Lady Rodsmiths will be there again this year! We have a several Ladies with Texas Lady Anglers that will be fishing the Tournament.

If any Ladies out there are interested in joining a Ladies only fishing Group please check us out at www.texasladyanglers.com


----------



## fishhook46 (Apr 24, 2011)

Thank you so much for your kind words. Its good to see organizations like yours doing so well. We look forward to seeing you there. Thanks-Nora


----------



## 7Lfarm (Mar 16, 2009)

*quick question*

First wanted to thank yall for keeping this tournament going every year we always have a great time. And it is truly amazing how much yall do for charity.

So couple questions...
Will there be bait available at the marina, and what is the cut off for entry into tournament.


----------



## fishhook46 (Apr 24, 2011)

7Lfarm said:


> First wanted to thank yall for keeping this tournament going every year we always have a great time.

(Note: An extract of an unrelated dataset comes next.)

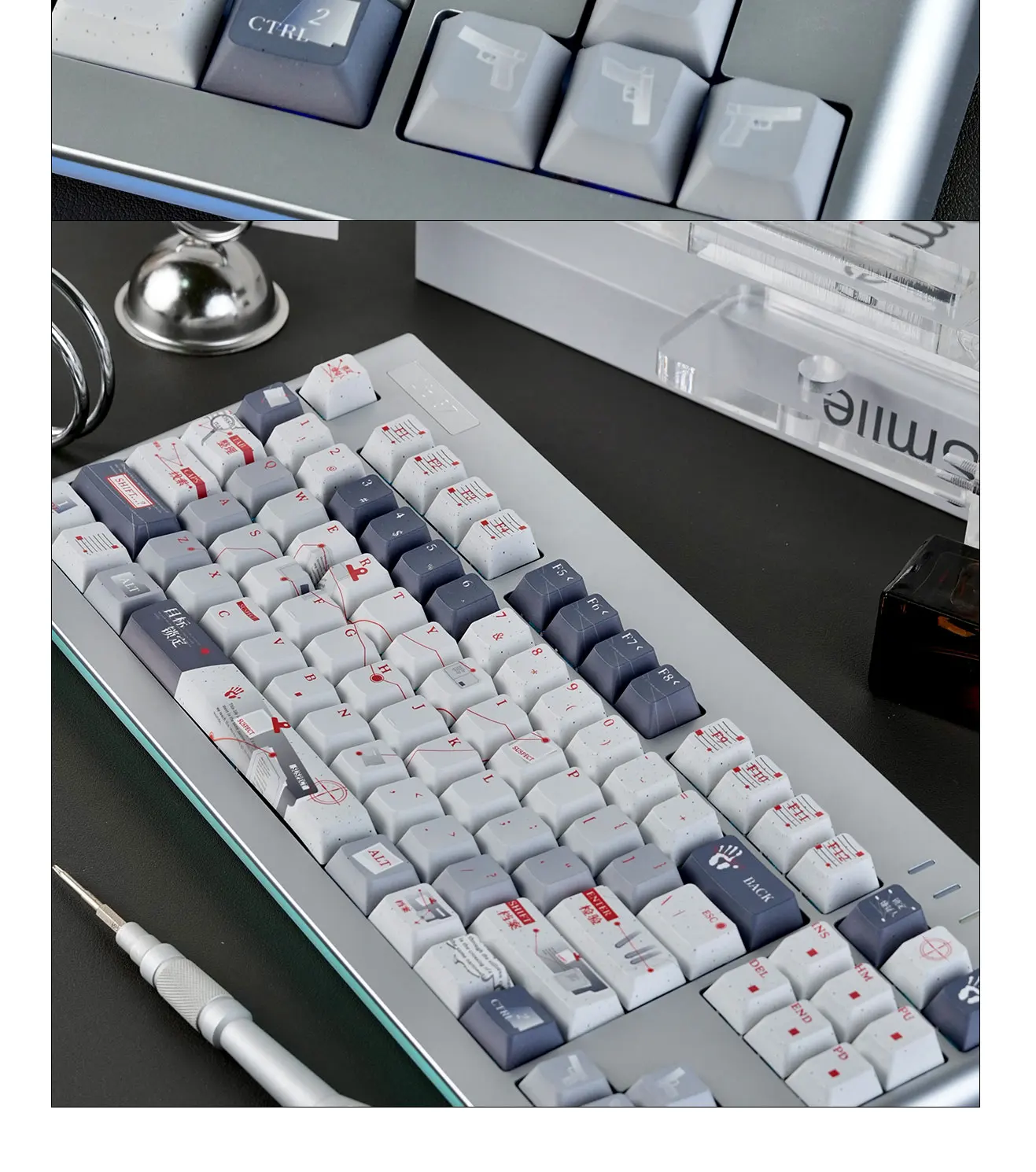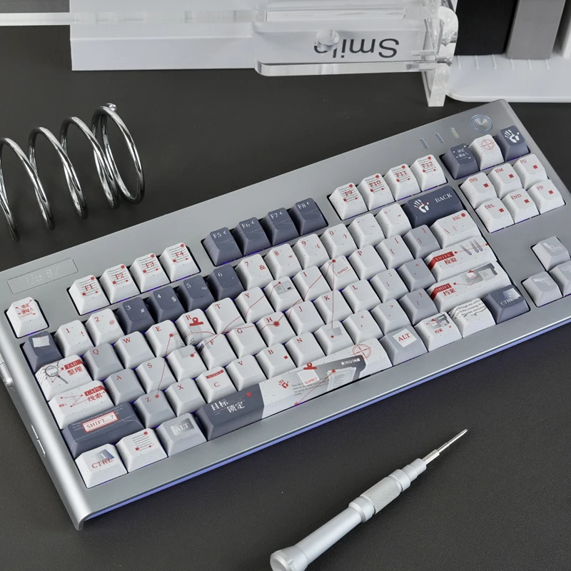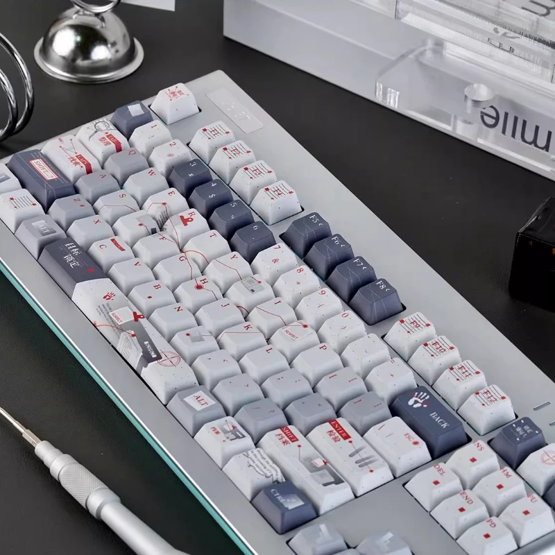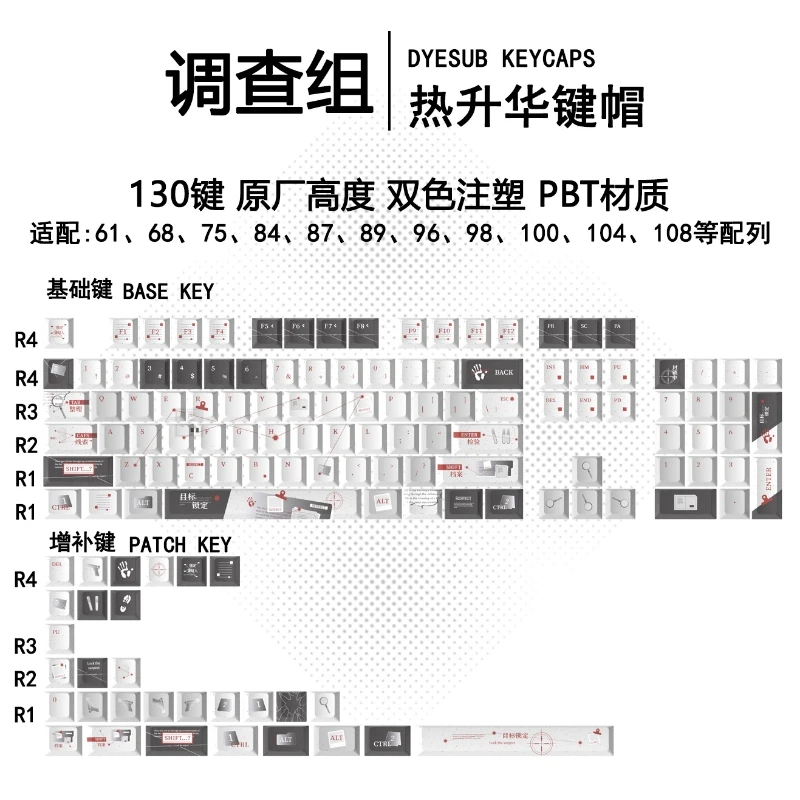 Juego de teclas temáticas del equipo de investigación, perfil de cereza PBT, teclas hechas a mano originales personalizadas para accesorios de teclado mecánico

And it is truly amazing how much yall do for charity.
> 
> So couple questions...
> Will there be bait available at the marina, and what is the cut off for entry into tournament.


Thanks so much...Yes there will be live Bait...that is one of Capt Mark's priorities..he has done so much to improve the Marina,in a very short time,they will also have gasoline...We will be there @5:00 am @the Marina the morning of the tournament to sign anyone up that hasn't...hope this answers your questions...see you there,Nora


----------



## TxSlammer (Jul 18, 2013)

Will you have any fishing equipment at the auction?


----------



## fishhook46 (Apr 24, 2011)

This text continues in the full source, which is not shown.